** TASK DIRECTIONS **
Retype the listing exactly as it stands, and keep every image out.

━━━━━━━━━━━━━━━━━━━━

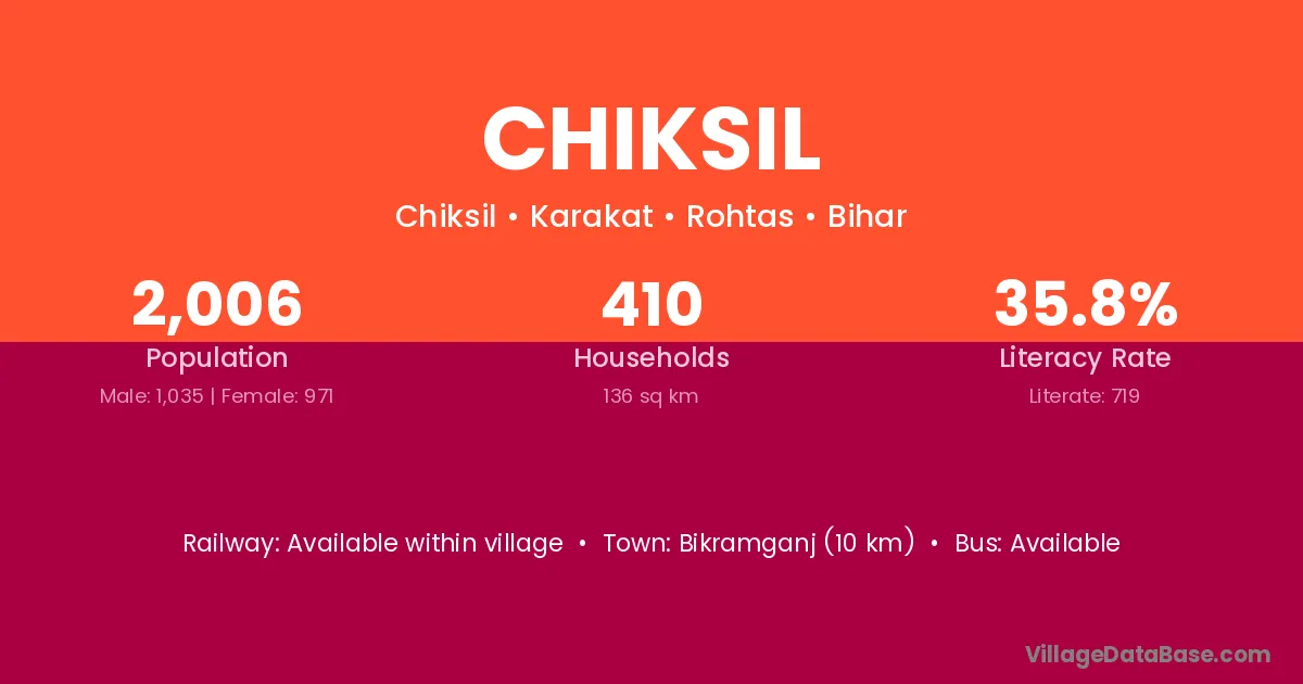 Bikramganj (10 km) is the nearest town to Chiksil village for major economic activities and is located approximately 10 km away.
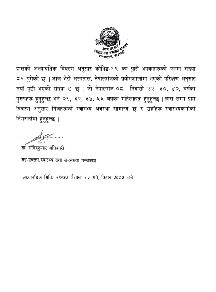 योसँगै नेपालमा कोरोनाभाइरस संक्रमितको संख्या ८२ जना पुगेको छ ।
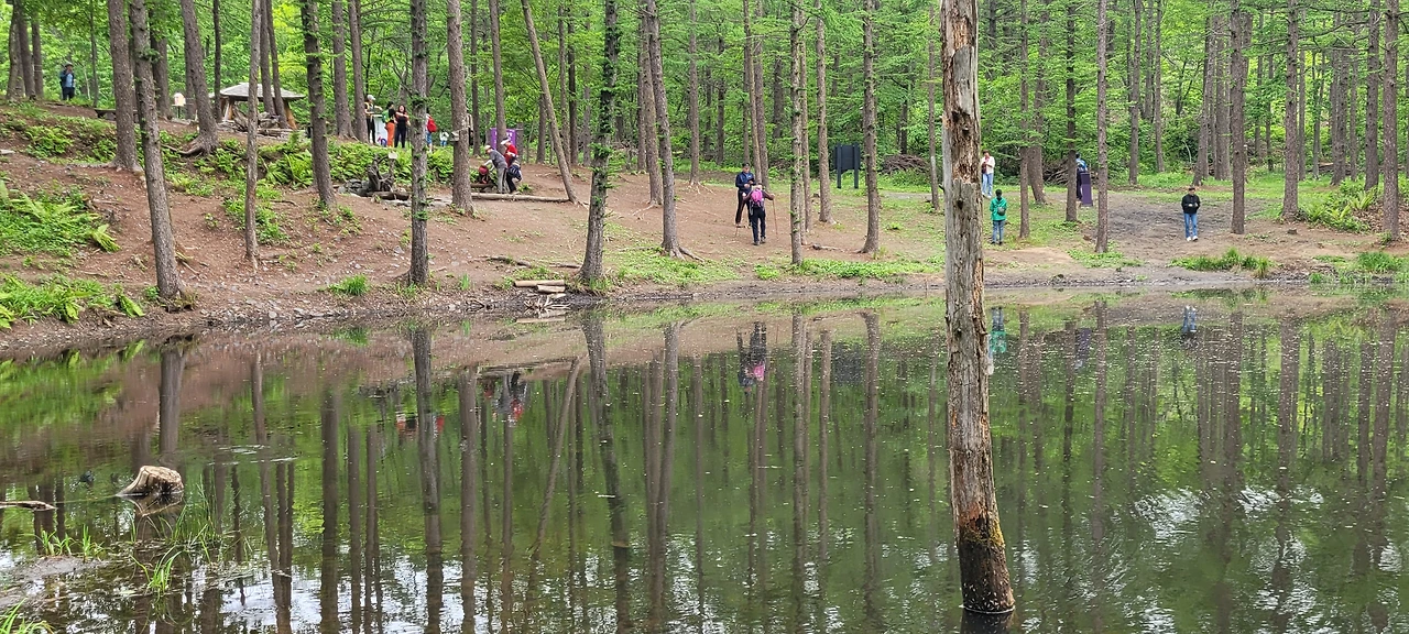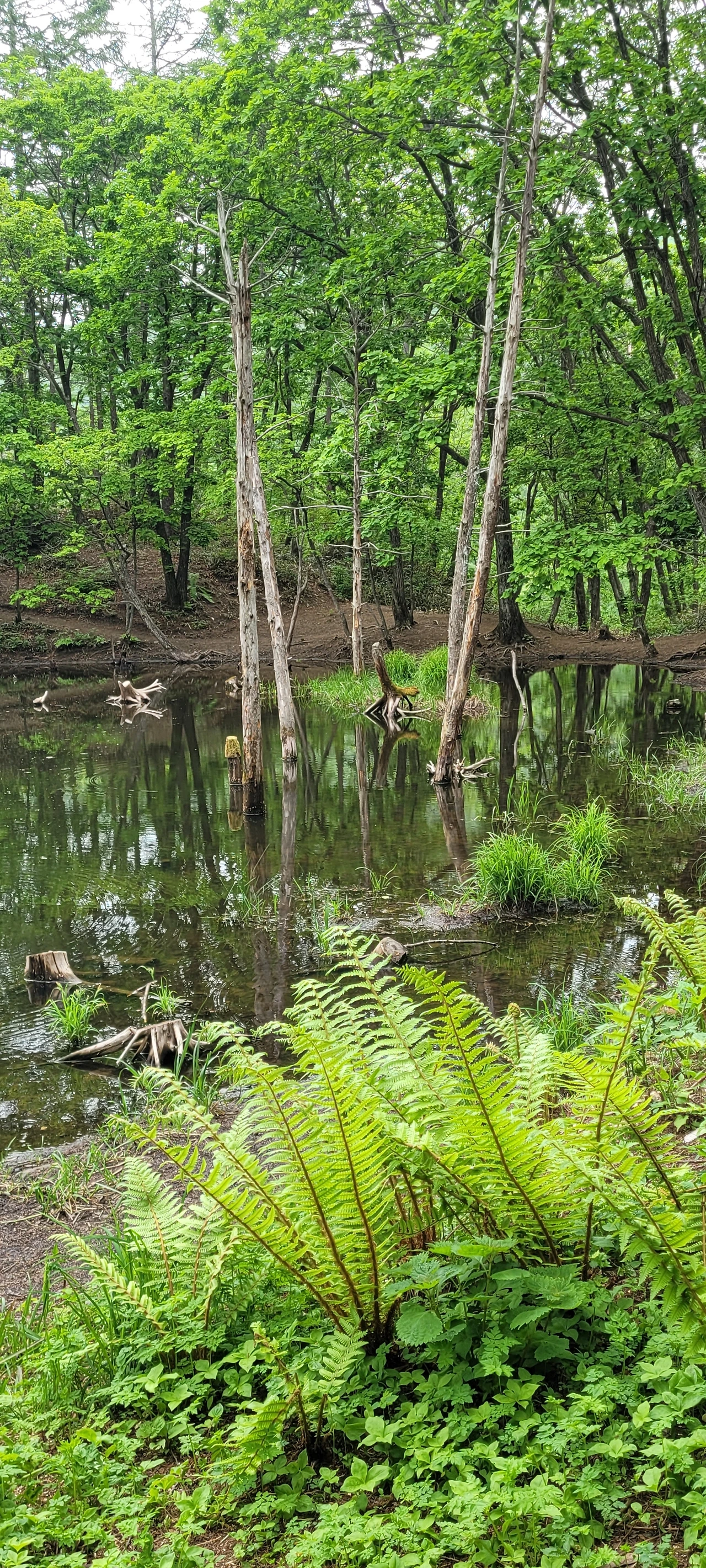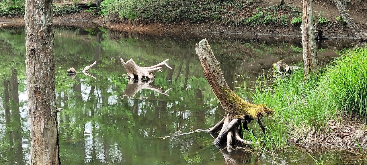 산 중턱에 작은 호수가 있다. 물에 비친 나무의 반영이 아름답다. 추상 조각 같은 고사목의 뿌리가 수면 위로 드러나 있다. 산짐승들의 갈한 목을 축이는 고마운 곳일 것이다. 예전에 이곳은 광부들의 안녕을 비는 아낙들의 기원이 담긴 곳이라고 후일담을 들었다.
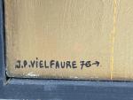 Jean-Pierre VIELFAURE (1930-2015) Identification d'une nouvelle planète, 1976. Peinture sur toile signée et datée en bas à gauche, contresignée, titrée et datée au dos 80 x 80 cm
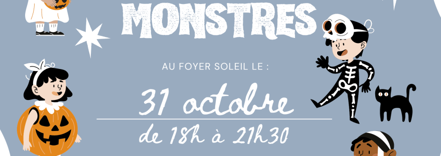 Rendez-vous au Foyer Soleil le 31 octobre 2024 de 18h à 21h30 environ ! Les enfants de tous les âges sont les bienvenus, accompagnés par au moins un adulte par famille. Venez déguisés (petits et grands), apportez une préparation salée ou sucrée à partager (c'est mieux si elle est à thème !) et votre bonne… Lire la suite Halloween 2024
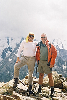 Saturday, August 10, 2002 We were woken up at 4:00 AM, had a light breakfast, and set off for Gumachi Peak at 5:30 AM. We walked along the lateral moraine and reached the glacier by 7:00 AM where we put on crampons and continued up.
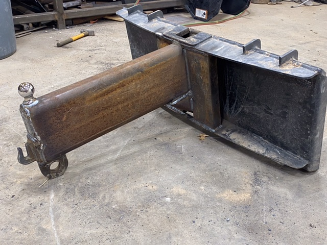 Looks strong enough to pull a trainI built this today for my tractor and skid steer. It has a ball for moving trailers and a chain hook and eye for carrying suspended loads or pulling out fence posts.
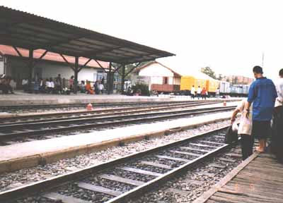 | アユタヤへの交通手段はいくつかある。まずは鉄道を使う方法である。 バンコクのファランポーン駅から一日29本、所要時間は1時間30分前後で運賃は3等15B(57円)、2等35B(133円)。 ご覧の車両は3等の部分。外観は日本の電車とあまり変わらなく、座席はすべてボックスシートとなっている。 ただしシートは木製。長時間座っているとお尻が痛くなってくる。 2等を使えば少しは快適なんだろうけど、3等以外は乗ったことがないので分からない(笑)。 またバスを利用する方法もある。タイでは各都市間の交通手段として長距離バスが頻繁に利用されている。 ちょうど日本の観光バスのようで、エアコンの無い普通バス・エアコンバス・ そしてリクライニングが深く座席の幅が広いVIPバスに分かれている。 アユタヤへは15〜30分間隔で運行されており、料金は普通バス20B、エアコンバス30B。 その他チャオプラヤ川をリバークルーズで行く方法もある。料金は高いらしいが情緒満点なので私も一度乗ってみたいなぁ。 |
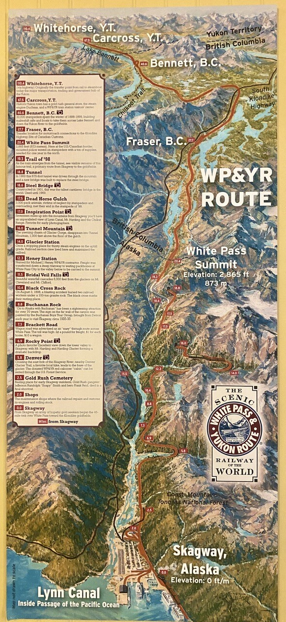 ⬇️ You can expand this map. It’s very comprehensive and well done for the route we took. For this train ride, we did not have to show passports, as we crossed in to Canada and back into Alaska, because the North West Mounted Police Station is unnamed at this time. Besides, we were not allowed to get off the train, till the trip was complete.
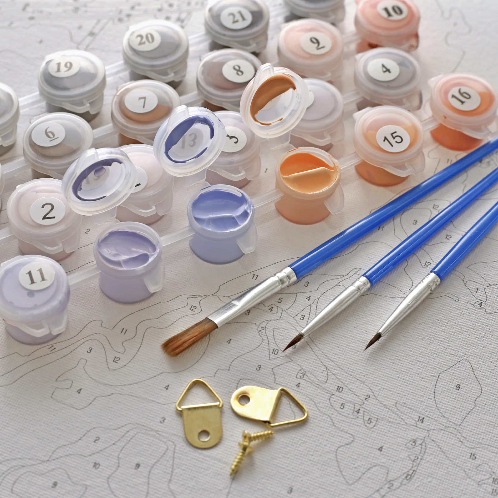 setul de culori acrilice numerotate, pensule de diferite marimi,

━━━━━━━━━━━━━━━━━━━━

** EXERCISE RESULT **
 Bikramganj (10 km) is the nearest town to Chiksil village for major economic activities and is located approximately 10 km away.
 योसँगै नेपालमा कोरोनाभाइरस संक्रमितको संख्या ८२ जना पुगेको छ ।
 산 중턱에 작은 호수가 있다. 물에 비친 나무의 반영이 아름답다. 추상 조각 같은 고사목의 뿌리가 수면 위로 드러나 있다. 산짐승들의 갈한 목을 축이는 고마운 곳일 것이다. 예전에 이곳은 광부들의 안녕을 비는 아낙들의 기원이 담긴 곳이라고 후일담을 들었다.
 Jean-Pierre VIELFAURE (1930-2015) Identification d'une nouvelle planète, 1976. Peinture sur toile signée et datée en bas à gauche, contresignée, titrée et datée au dos 80 x 80 cm
 Rendez-vous au Foyer Soleil le 31 octobre 2024 de 18h à 21h30 environ ! Les enfants de tous les âges sont les bienvenus, accompagnés par au moins un adulte par famille. Venez déguisés (petits et grands), apportez une préparation salée ou sucrée à partager (c'est mieux si elle est à thème !) et votre bonne… Lire la suite Halloween 2024
 Saturday, August 10, 2002 We were woken up at 4:00 AM, had a light breakfast, and set off for Gumachi Peak at 5:30 AM. We walked along the lateral moraine and reached the glacier by 7:00 AM where we put on crampons and continued up.
 Looks strong enough to pull a trainI built this today for my tractor and skid steer. It has a ball for moving trailers and a chain hook and eye for carrying suspended loads or pulling out fence posts.
 | アユタヤへの交通手段はいくつかある。まずは鉄道を使う方法である。 バンコクのファランポーン駅から一日29本、所要時間は1時間30分前後で運賃は3等15B(57円)、2等35B(133円)。 ご覧の車両は3等の部分。外観は日本の電車とあまり変わらなく、座席はすべてボックスシートとなっている。 ただしシートは木製。長時間座っているとお尻が痛くなってくる。 2等を使えば少しは快適なんだろうけど、3等以外は乗ったことがないので分からない(笑)。 またバスを利用する方法もある。タイでは各都市間の交通手段として長距離バスが頻繁に利用されている。 ちょうど日本の観光バスのようで、エアコンの無い普通バス・エアコンバス・ そしてリクライニングが深く座席の幅が広いVIPバスに分かれている。 アユタヤへは15〜30分間隔で運行されており、料金は普通バス20B、エアコンバス30B。 その他チャオプラヤ川をリバークルーズで行く方法もある。料金は高いらしいが情緒満点なので私も一度乗ってみたいなぁ。 |
 ⬇️ You can expand this map. It’s very comprehensive and well done for the route we took. For this train ride, we did not have to show passports, as we crossed in to Canada and back into Alaska, because the North West Mounted Police Station is unnamed at this time. Besides, we were not allowed to get off the train, till the trip was complete.
 setul de culori acrilice numerotate, pensule de diferite marimi,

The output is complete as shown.